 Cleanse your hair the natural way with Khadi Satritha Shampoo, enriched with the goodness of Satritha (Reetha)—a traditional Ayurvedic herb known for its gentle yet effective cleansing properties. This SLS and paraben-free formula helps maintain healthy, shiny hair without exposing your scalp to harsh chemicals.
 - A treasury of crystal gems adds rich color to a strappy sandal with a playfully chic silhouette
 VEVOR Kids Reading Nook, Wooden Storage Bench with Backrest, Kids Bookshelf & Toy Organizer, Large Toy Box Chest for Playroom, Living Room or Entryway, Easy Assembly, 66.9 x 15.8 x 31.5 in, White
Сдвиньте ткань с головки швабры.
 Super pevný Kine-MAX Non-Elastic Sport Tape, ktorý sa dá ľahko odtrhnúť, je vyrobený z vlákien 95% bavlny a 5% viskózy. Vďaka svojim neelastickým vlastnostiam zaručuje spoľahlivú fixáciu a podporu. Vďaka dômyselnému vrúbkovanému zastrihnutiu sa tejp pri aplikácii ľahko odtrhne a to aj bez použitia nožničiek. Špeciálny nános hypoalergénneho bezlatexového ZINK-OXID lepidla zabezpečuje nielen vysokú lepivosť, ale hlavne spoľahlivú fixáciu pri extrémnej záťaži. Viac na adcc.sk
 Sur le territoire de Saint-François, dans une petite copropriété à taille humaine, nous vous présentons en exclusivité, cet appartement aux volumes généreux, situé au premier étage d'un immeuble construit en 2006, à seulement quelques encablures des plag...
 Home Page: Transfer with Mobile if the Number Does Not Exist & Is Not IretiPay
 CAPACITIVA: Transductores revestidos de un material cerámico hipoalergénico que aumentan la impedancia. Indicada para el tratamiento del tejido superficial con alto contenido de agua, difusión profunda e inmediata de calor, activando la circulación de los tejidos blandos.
...
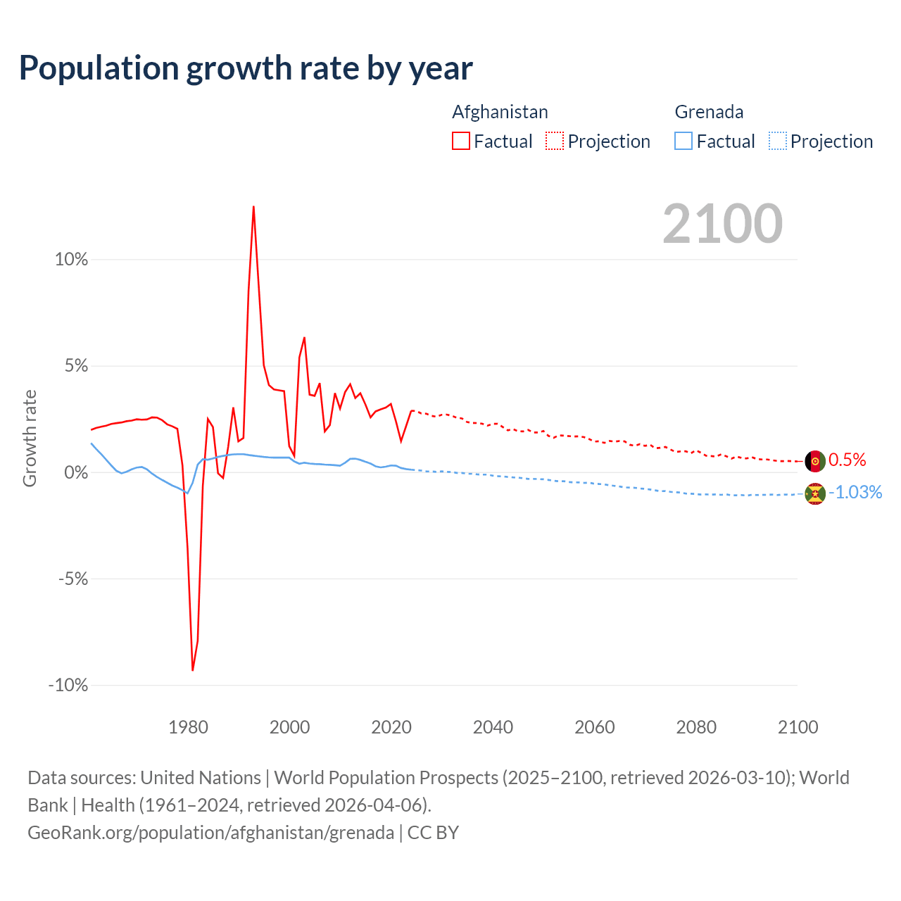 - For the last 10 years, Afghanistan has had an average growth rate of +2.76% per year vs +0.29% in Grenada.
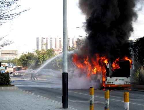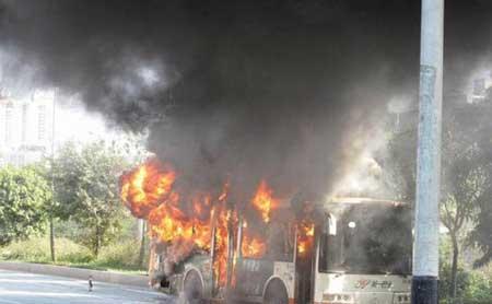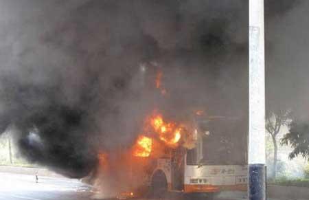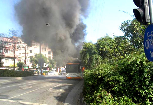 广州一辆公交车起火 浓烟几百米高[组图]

Your goal:
Could you retype exactly the lines above, starting at the line that contains "VEVOR Kids Reading" and ending at the line that contains "Сдвиньте ткань с головки швабры.", and nothing more?

Exercise output:
 VEVOR Kids Reading Nook, Wooden Storage Bench with Backrest, Kids Bookshelf & Toy Organizer, Large Toy Box Chest for Playroom, Living Room or Entryway, Easy Assembly, 66.9 x 15.8 x 31.5 in, White
Сдвиньте ткань с головки швабры.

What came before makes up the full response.